The finish of 2019 was stark, and pleasant, in contrast to the same time period in 2018. Global stock markets enjoyed strong growth in Q4. Bonds had positive returns at the end of the year also, but saw the majority of their returns early in 2019. Nearly every major investment index had above average returns for the year 2019.
Keeping all of that in mind, investors should not expect a repeat for 2020. In fact, very few people predicated high returns for 2019. Predicting short-term returns on investment markets is a rather fickle thing to do, and very few people do it well. The talking heads of financial media are predictably going to tell you about how stock markets perform in election years, as we approach November 3rd. Stock markets are typically up in election years. The US stock market is up most years though, so maybe we shouldn’t put too much credence in these factoids. Political preferences aside, the correlations between controlling party and stock market returns glean little insight for investing. Many of the pundits claimed that a Trump victory in 2016 would plummet the stock markets. That also proved to be incorrect. Below is a color-coded chart of the S&P 500 by presidential party in control of the White House. More than not the chart is going up; sometimes it’s red, sometimes it’s blue.

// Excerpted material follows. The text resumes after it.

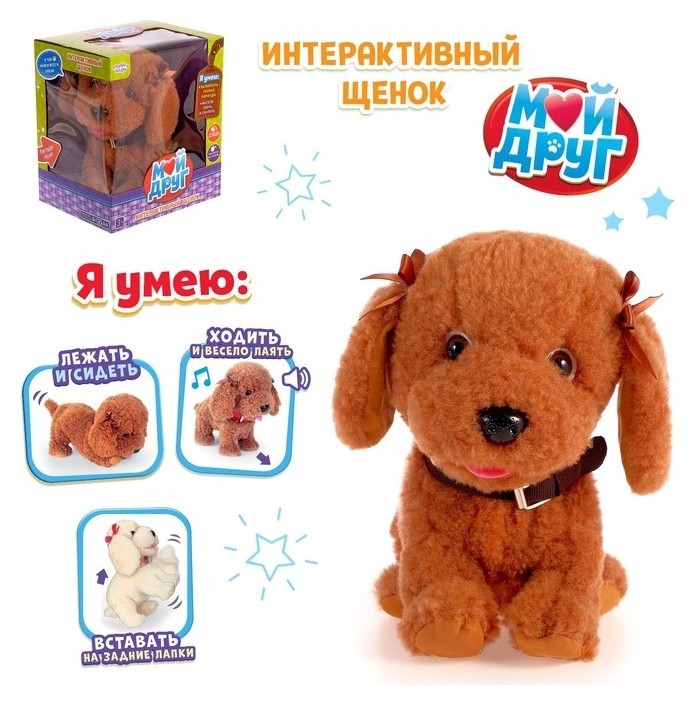 Интерактивная собака Мой друг выполняет команды реагирует на касания лает скулит ходит цвет коричневый
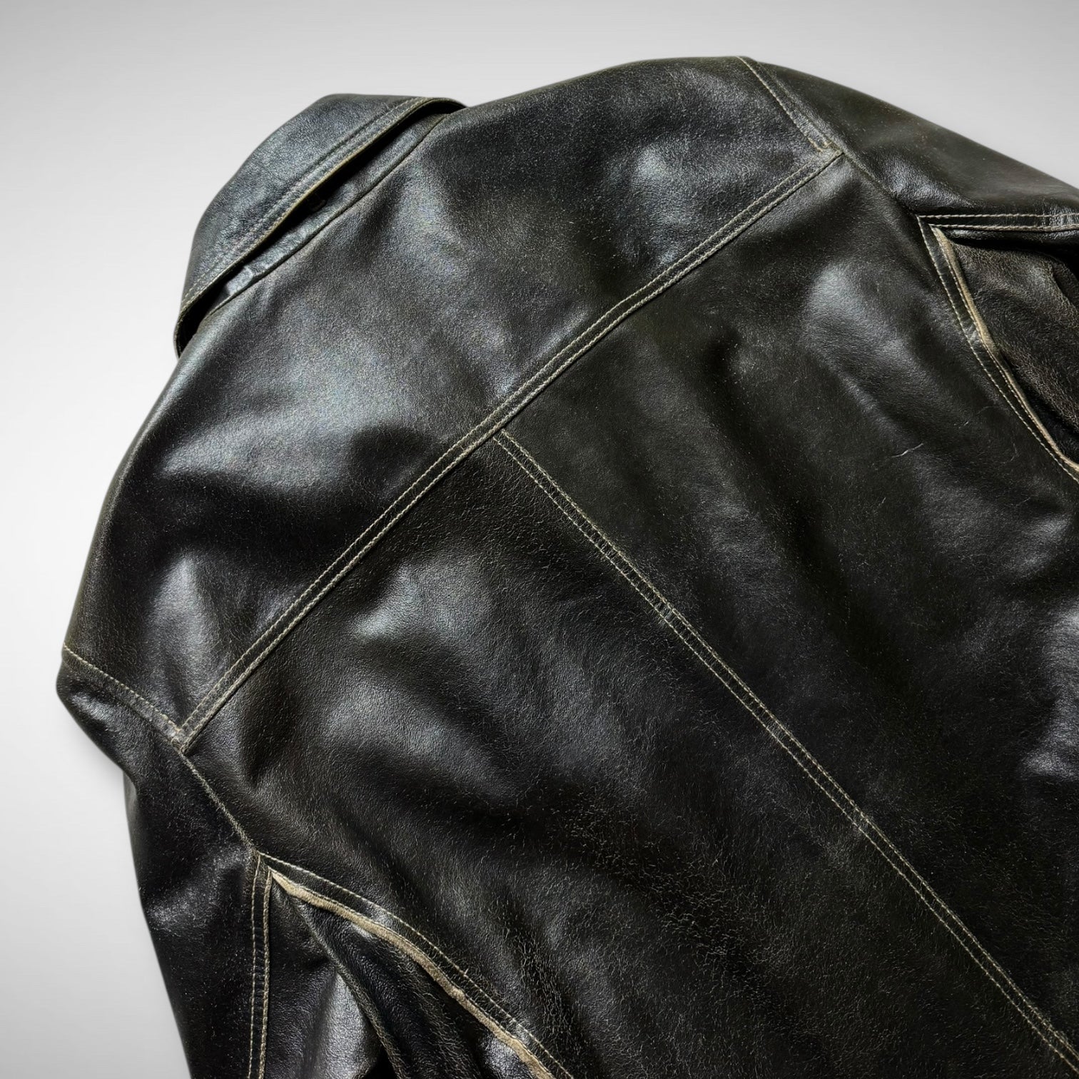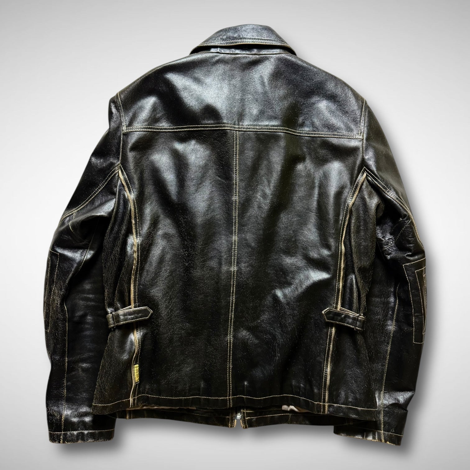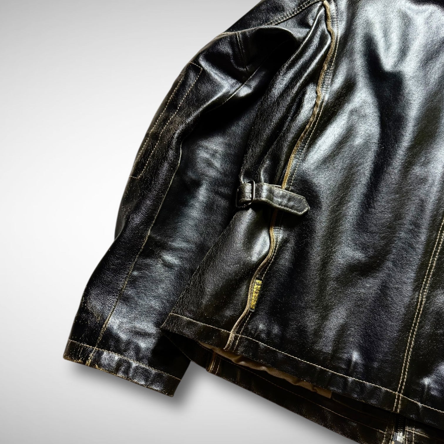 classic black leather jacket with full zip closure, bold contrast stitching, and reinforced elbow panels. Features include dual vertical zip pockets, adjustable side straps, and a smooth fabric lining.

Economic forecasts suggest that consumers in the US are still in good shape with a strong jobs market. Consumer spending makes up about two thirds of the economy. Additionally, the Federal Reserve and European Central Bank are showing that they will continue to be accommodating with policy. While there are no certainties in investing, these both suggest that we could continue to see the investment markets post positive returns. It would not be a prudent time to take extra risks. Revisiting your financial plan and keeping your assets invested for the long term are still the best suggestions.